Well, I don't have depth of knowledge to really judge the veracity of the claim, but if anything it is at least an interesting anecdote. It interests me personally, not because it necessarily proves anything about "Dixie," but because it adds to the idea that some minstrel songs were known or at least *believed* to be derived from Black worksongs--in the 1860s.

1869. ["Editorial Miscellany."] _Scott's Monthly Magazine_ 7(6): 478.

//
The Memphis Post gives the following as the origin of the now nationalized air of "Dixie:"

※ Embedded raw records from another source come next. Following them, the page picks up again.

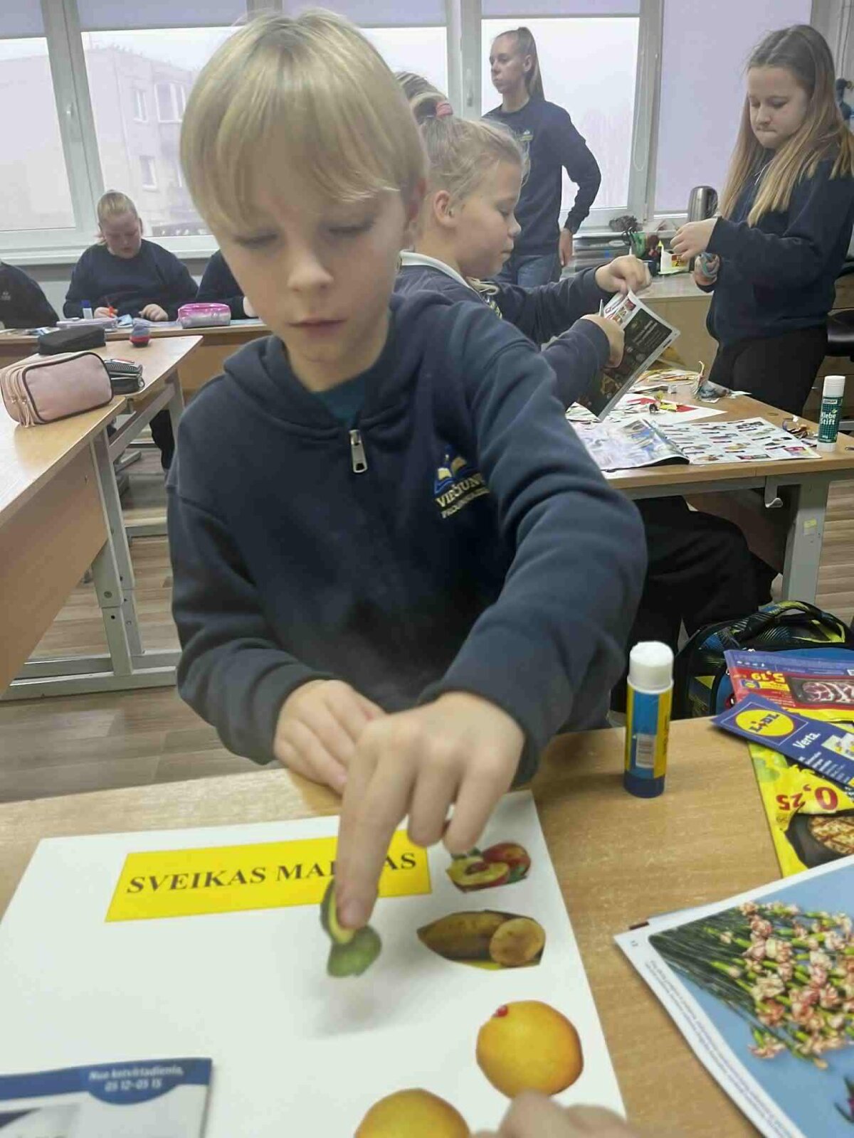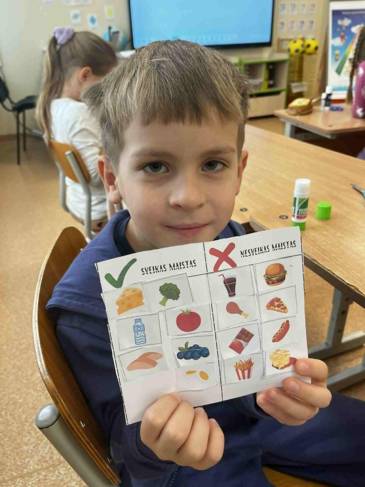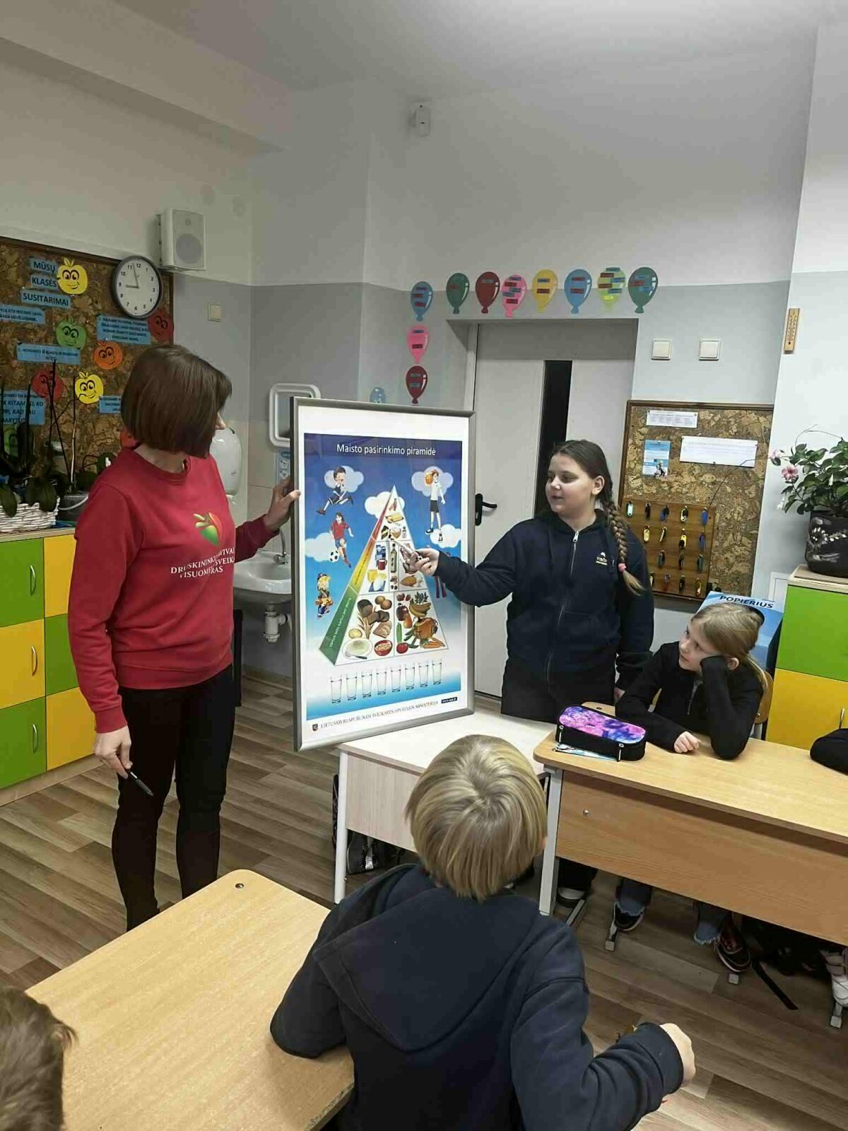 Lapkričio 11-18 dienomis visuomenės sveikatos specialistė priešmokyklinukus ir 1-4 klasių mokinius pakvietė į įdomius ir kūrybiškus edukacinius užsiėmimus „Sveikas maistas – sveikas aš“. Vaikai rinko maisto produktų iliustracijas, jas karpė, klijavo, kūrė informatyvius plakatus ir sudėliojo sveikos mitybos piramidę. Diskusijų ir komandinių veiklų metu mokiniai sužinojo, kurie produktai suteikia energijos ir padeda augti, o kuriuos reikėtų vartoti saikingai. Užsiėmimai padėjo vaikams suprasti, kad sveikos mitybos pasirinkimai yra svarbūs kasdienės sveikatos ir geros savijautos pagrindas
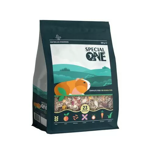 Корм для морських свинок Special One - повнораціонний корм, має унікальний склад, включає трав’яні гранули, відбірне зерно, цілющі трави, горіхи, а також інгредієнти з природного ареалу проживання морських свинок. Рецептура корму розроблена спеціально для морських свинок, які утримуються в домашніх умовах. Вона складена на основі найновітніших світових норм годування, а також рекомендацій провідних світових фахівців з розведення та утримання морських свинок. До складу раціону увійшло 23 інгредієнта, серед яких насіння, сушені фрукти, овочі, ягоди, а також улюблені делікатеси – фенхель, кунжут, паприка, коріння лопуха. Корм включає корисний протеїново-мінеральний гранулят, який покращує загальний стан здоров’я, сприяє зміцненню зубів та кісток, поліпшенню стану хутра.
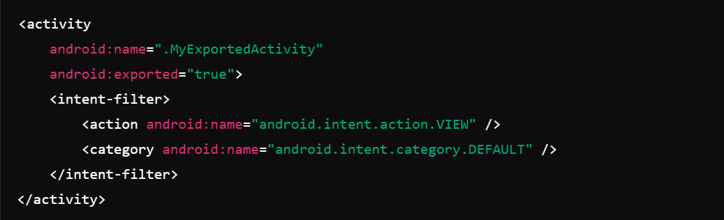 아래 예에서 MyExportedActivity는 외부 앱에서 android.intent.action.VIEW 인텐트를 통해 실행될 수 있습니다.
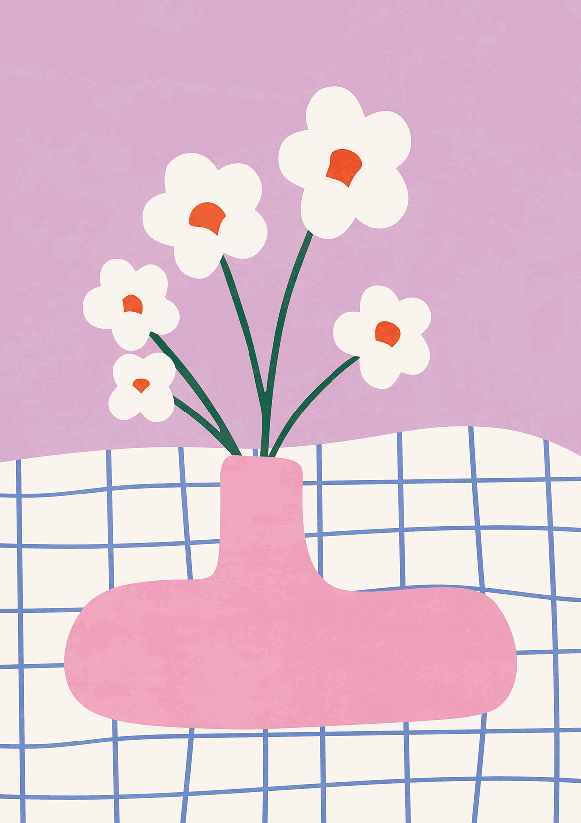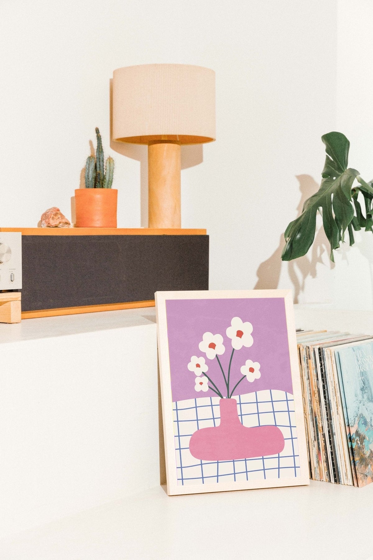 Enhance your living space with this elegant Pink Abstract Daisies Print. Adorn any room with this vibrant and stylish poster, perfect for kitchens, living rooms, and bedrooms. Its modern design and colorful depiction of daisies will liven up any space. Add a touch of beauty to your home today.

"In the first place, the song and chorus of 'Dixie,' was composed and arranged by Dan. Emmet, a member of a traveling minstrel party, who, while at Mobile in the winter of 1847-8, heard some negro laborers singing on the levee while loading a steamboat with cotton. The thought struck Dan. that, with a little change of measure, it could be made a good song 'walk around,' which generally winds up a negro minstrel concert. Dan. arranged it and produced it. It became a success, and was sung aud played all over the country by all the bands.

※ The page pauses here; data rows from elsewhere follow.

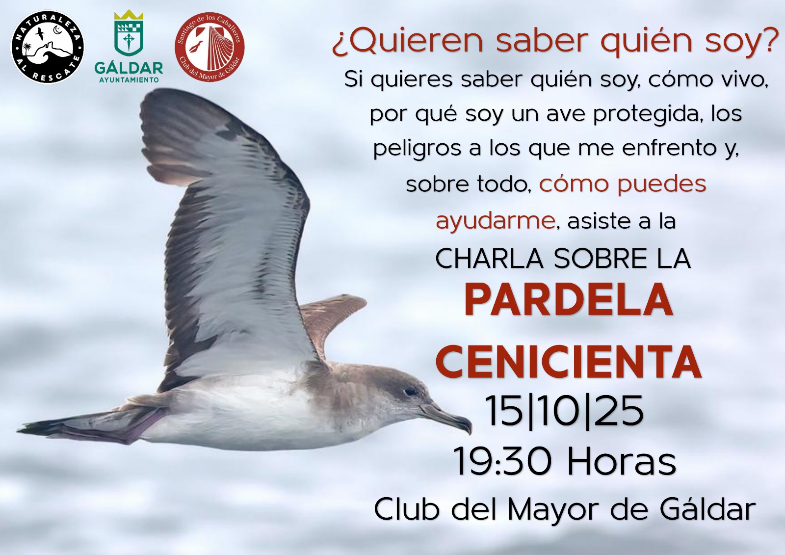 La Concejalía de Medio Ambiente del Ayuntamiento de Gáldar, que dirige Ulises Miranda Guerra, en colaboración con la Asociación Naturaleza al Rescate organiza una charla informativa sobre la campaña de protección de la pardela cenicienta, una de las aves marinas más emblemáticas y protegidas de nuestras costas. El encuentro tendrá lugar el próximo martes 15 de octubre a las 19:30 horas en el Club del Mayor Santiago de Los Caballeros de Gáldar, y está abierto a toda la ciudadanía.
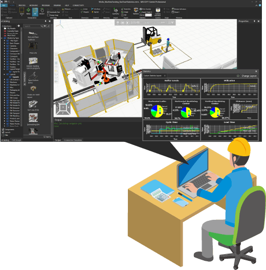 - シミュレーション結果を視覚化・分析して 、 ボトルネックや稼働率の変化を確認でき 、 生産性を検証 できます。
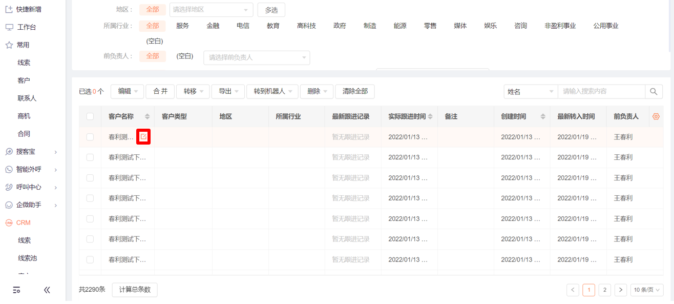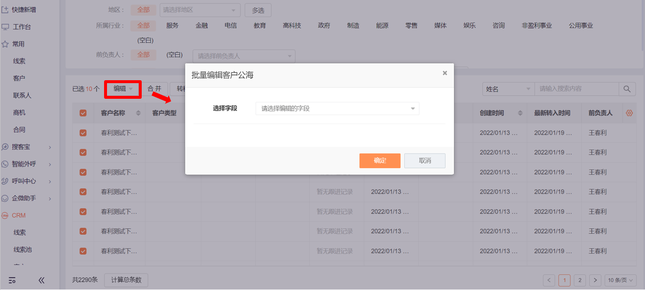 1、在公海客户列表页,将鼠标移动至需要编辑的字段的后方,会显示快捷编辑的按钮,点击后可快速编辑这个字段,修改完成后鼠标点击其他区域将自动保存。2、在公海客户列表页,勾选多个公海客户后,点击编辑按钮,可批量编辑(目前支持单选、时间类型的字段)。
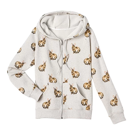 Hop into your comfort zone with this soft, cozy sweatshirt. It’s fleecy in cotton/poly/spandex. Machine wash. Imported. S-XXL. Specify Crew-Neck or Zip-Front Hoodie.
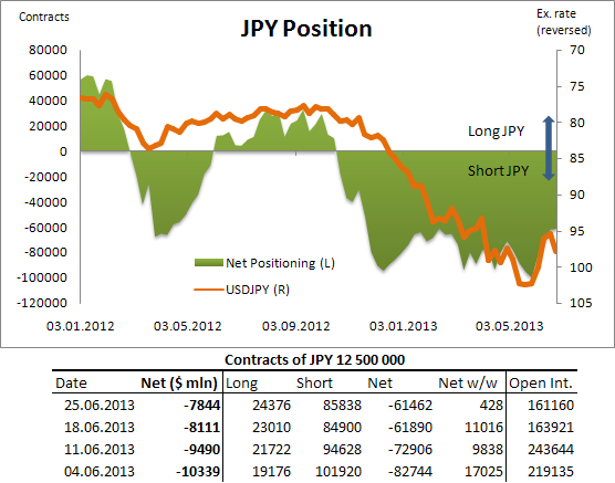 The yen is the leader by the largest net short position against the US dollar, despite its decline last week to -7.8 billion USD. The sentiment stays bearish.

"In the spring of 1861, Mrs. John Wood came to New Orleans to play an engagement at the Varieties Theater. During the time, she appeared in Brougham's burlesque of Pocahontas. At the first rehearsal ot the piece everything went well till near the close of the second act; Tom McDonough (now agent for the Lefflngwell), the prompter, got up a Zouave march and drill by 22 ladies, led by Susan Deniu. Everything run smooth' but the music for the march could not be fixed upon. Carlo Patti was leader of the orchestra and he tried several marches, but none suited McDonough—one was too slow, another was too tame, another not enough spirit. At length Patti struck up the negro air of ' Dixie.' 'That will do, Patti—the very thing,' said Tom, and 'Dixie' was played, and the march gone through with, and the chorus by all the characters. At night it received a double encore, and Pocahontas had a 'run,' and from that time out the streets and parlors rang with 'Dixie.' The war broke out that spring, and the military bands took it up, and 'Dixie' became to the South what the Marseillaise Hyms was to the French. And that's how 'Dixie' became the popular war song of the South."